My original point, in contrast to Len's, was only that engineering does
not require theory.  Engineering can proceed by inducing what practices
work, or by borrowing that knowledge and enhancing it by experiment,
without knowing Why.  Engineering can proceed more rapidly and
effectively if we know Why; but it can also proceed by knowing only What
and How.  And it has done the latter for five millenia.

By comparison, a primary objective of science, and *the* primary
objective of philosophy, is to develop theory, to understand Why.  When
science goes beyond observation, it is about the development of theory.
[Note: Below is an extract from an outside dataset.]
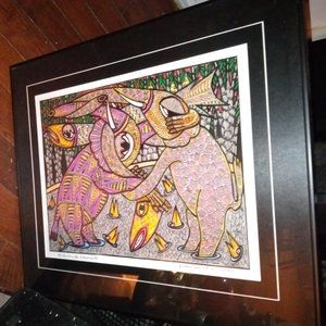 ONE OF A KIND ART BY EMMANUEL EMVIC OF NIGERIA A NEW AGE ARTIST WHOSE ART HAS CAUGHT THE ATTENTION OF MANY PEOPLE COAST TO COAST HIS DISCOUNT SHOWS THROUGH EVERY DIFFERENT FORM OF PAINTING HE DOES THIS ONE HERE NAMED " WATERLANDS ELEPHANTS"" IS A GREAT PIECE FOR ANY DECOR

One certainly doesn't want engineering practice to conflict with
available scientific theory (although it does from time to time).  But
where there is no theory, engineering can proceed on the basis of
observation.  And historically, a goad for scientific research has been
the effectiveness of engineering practices in areas in which no
supporting theory exists.

> EB> The trick is to recognize which expertise is needed when and
>  > apply it properly.
> I agree.  But it is impossible to have a fixed methodology for
> doing truly revolutionary research.

Indeed, but it is possible to have a "nearly fixed" methodology for
performing scientific observation, and many scientists spend their
entire careers doing just that.  You don't have to have a theory named
after you to make a major contribution.

And in the same way, it is possible to have a "nearly fixed" methodology
for doing effective engineering.  Many engineering problems do not
require major new insights; they just require analysis of the problem
space (observation) and the application of accepted principles to the
design of solutions.

Like revolutionary science, truly revolutionary engineering also
requires the engineer to "think outside the box", to make less clearly
related observations, and to apply to the development of a solution
theory and knowledge that is not commonly perceived to be related.  But
truly revolutionary engineering, and truly revolutionary science, are
the rarae aves of both disciplines.

>   However, there is an effective way to stifle creativity:
> Define and enforce sharp boundaries between disciplines.

Of course.  But we are not talking about enforcing boundaries, or at
least I wasn't.  I was talking about defining the nature of a
discipline.  You as an individual can act in multiple disciplines, as
long as you are aware of the knowledge and behavior requirements each
imposes.  But a lot of would-be revolutionaries ignore the requirements
of their discipline(s), and therefore have none.

What you say, John, is very wise, but it is also precisely the kind of
wisdom-as-sound-byte that will be perverted by the ignorant to foolish
ends.  And in software engineering, which to my mind includes knowledge
engineering, the ignorant and undisciplined are abundant.


Edward J. Barkmeyer                        Email: edbark@xxxxxxxx
National Institute of Standards & Technology
Manufacturing Systems Integration Division
100 Bureau Drive, Stop 8263                Tel: +1 301-975-3528
Gaithersburg, MD 20899-8263                FAX: +1 301-975-4694

"The opinions expressed above do not reflect consensus of NIST,
 and have not been reviewed by any Government authority."